REI (www.rei.com) makes going green easy. Just look for its ecoSensitive label on clothes to backpacks and most everything in between. All products with this designation are made with at 50 percent recycled materials and come in packaging made from recycled and other sustainable packaging. Goodbye bubble wrap!
Perhaps the most important of the green gear manufacturers is Polartec (www.polartec.com) which makes fabric for a great number of clothing companies. These days Polartec is teaming up with the likes of Patagonia, The North Face and some of your other favorite brands to provide fabric made from recycled polyester, using all those PET plastic products we so religiously throw in our recycling bins. But hey, it ain’t recycling unless somebody uses it a second time; Polartec’s engineers – bless their hearts – have figured out a way for all of us to have our plastic and wear it too. So look for a green ‘e’ on the hangtag the next time you shop for a coat and feel good that you’re doing your part. Or at least a bit of it.
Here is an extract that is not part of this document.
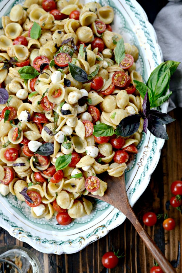 I have no words for how much I love this Caprese Pasta Salad. There’s this balance of acidic tomatoes, creamy fresh mozzarella, bright herbaceousness from fresh basil and it’s all tossed in a light balsamic vinaigrette. This salad is a crowd pleaser.

If you are a stylista, going green does not mean wearing those hideous convertible pants with the zipper above the knees and other frumpy fashions. For an earth-friendly look that also looks good, check out Nau (www.nau.com) which proves that being pro-earth isn’t anti-style, or anti-performance. I put the very metrosexual Rebound jacket through its paces during a week of Utah skiing and it carved a fine line of fashion and performance the whole time. Oh, and did I mention it’s made from recycled polyester and can be – get this – recycled yet again, when (if?) it ever wears out?
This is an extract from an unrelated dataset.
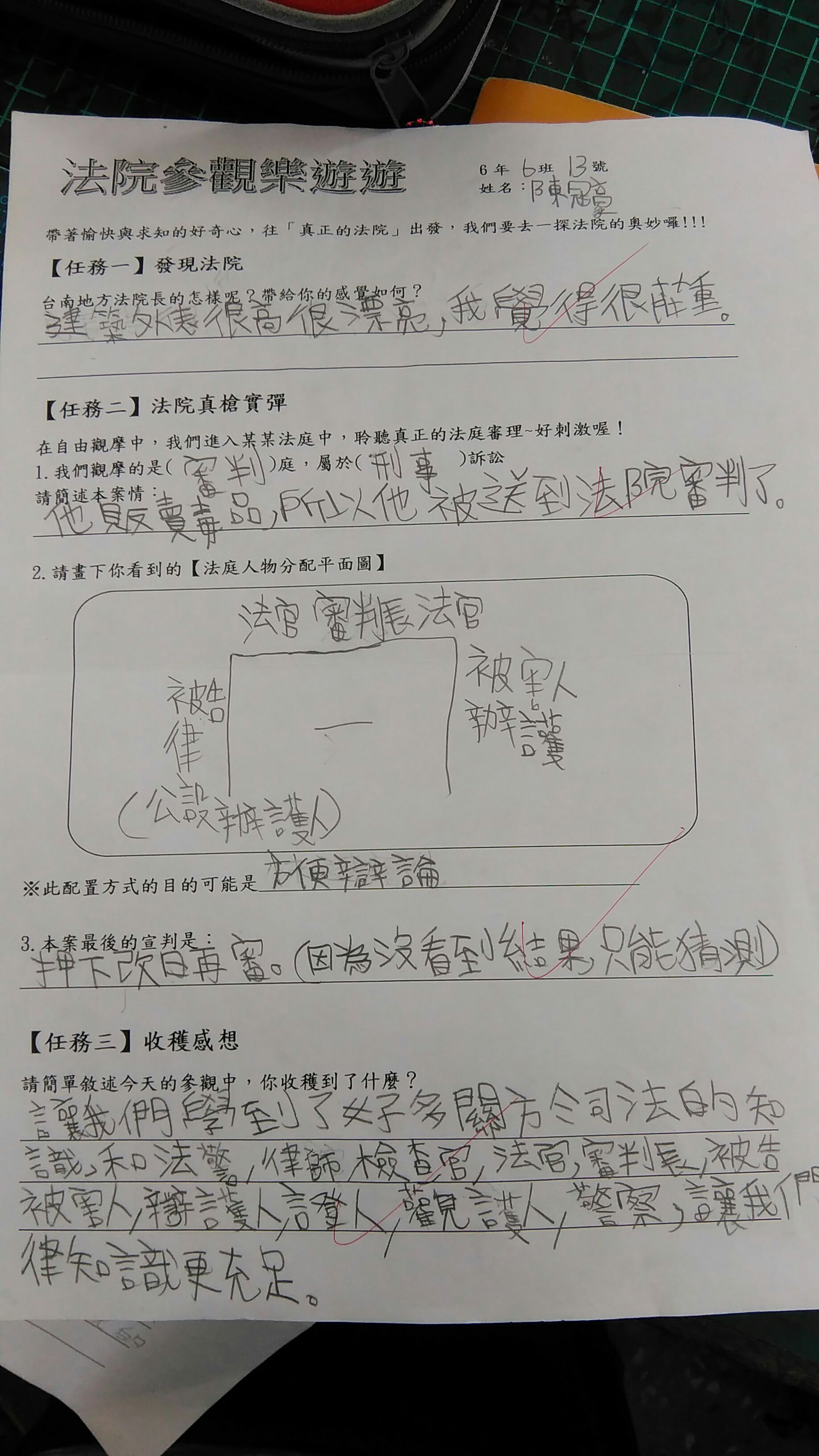 投稿題目:參觀法院

For campers and backpackers, there is even more green gear to choose from. And make no mistake, the designs and materials are top-notch. I weathered a brutal weekend on top of Cold Mountain in western North Carolina in January (lots of cold, rain and wind, no Nicole Kidman) in a Go-Lite Trinity Jacket (www.golite.com), Sierra Designs Verde 20 sleeping bag (www.sierradesigns.com) and an Outdoor Research dry liner bag (www.outdoorresearch.com) for my Mountainsmith Approach backpack (www.mountainsmith.com) – all made from 100 percent recycled materials, mind you – and stayed warm and happy despite some very angry weather. Add a Big Agnes Salt Creek tent (www.bigagnes.com) – also made from recycled products – and you’ll be all reducing and reusing with every trip.
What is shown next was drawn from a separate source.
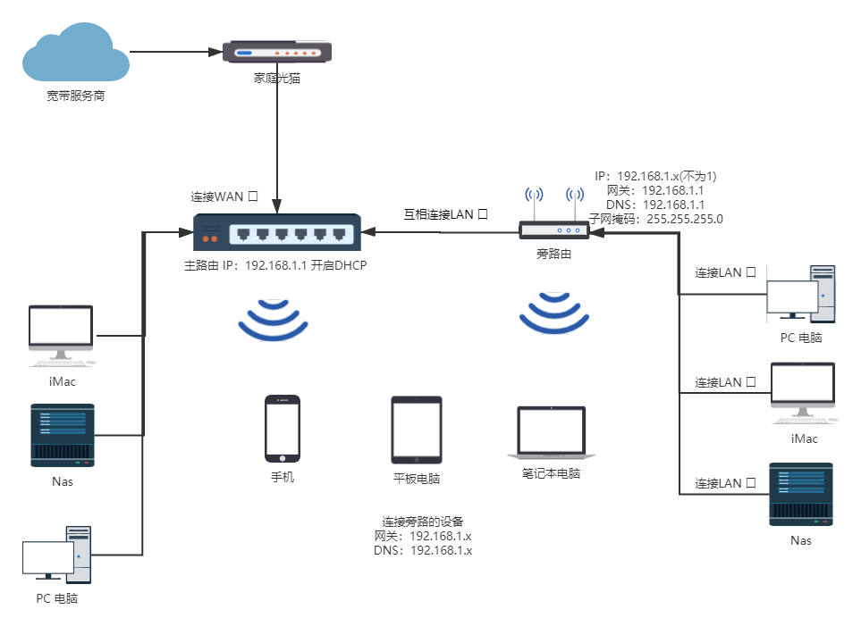 旁路由-旁路网关 梗概 旁路由其实严格意义是指旁路网关 旁路由就是在主路由的网段内再添加的一个路由器 适用范围 作用: 其作用相当于一个交换机, 让部分设备的流量都需要经过这个旁路由 场景 让旁路由处理局域网中的部分流量,减轻主路由的软件负担 拓扑结构 详解 从听说到上手,人人都能看懂的旁路由入门指南 - 少数派

Finally, for those of you looking for an easy way to prove your green-ness, look no farther than your water bottle. Nalgene has developed a campaign (www.filterforgood.com) to get you sipping from a permanent, BPA-free bottle. More than 150,000 people have taken the company’s pledge to swear off bottled water, eliminating the need for an estimated 170 million plastic bottles and counting to date. Cheers and drink up!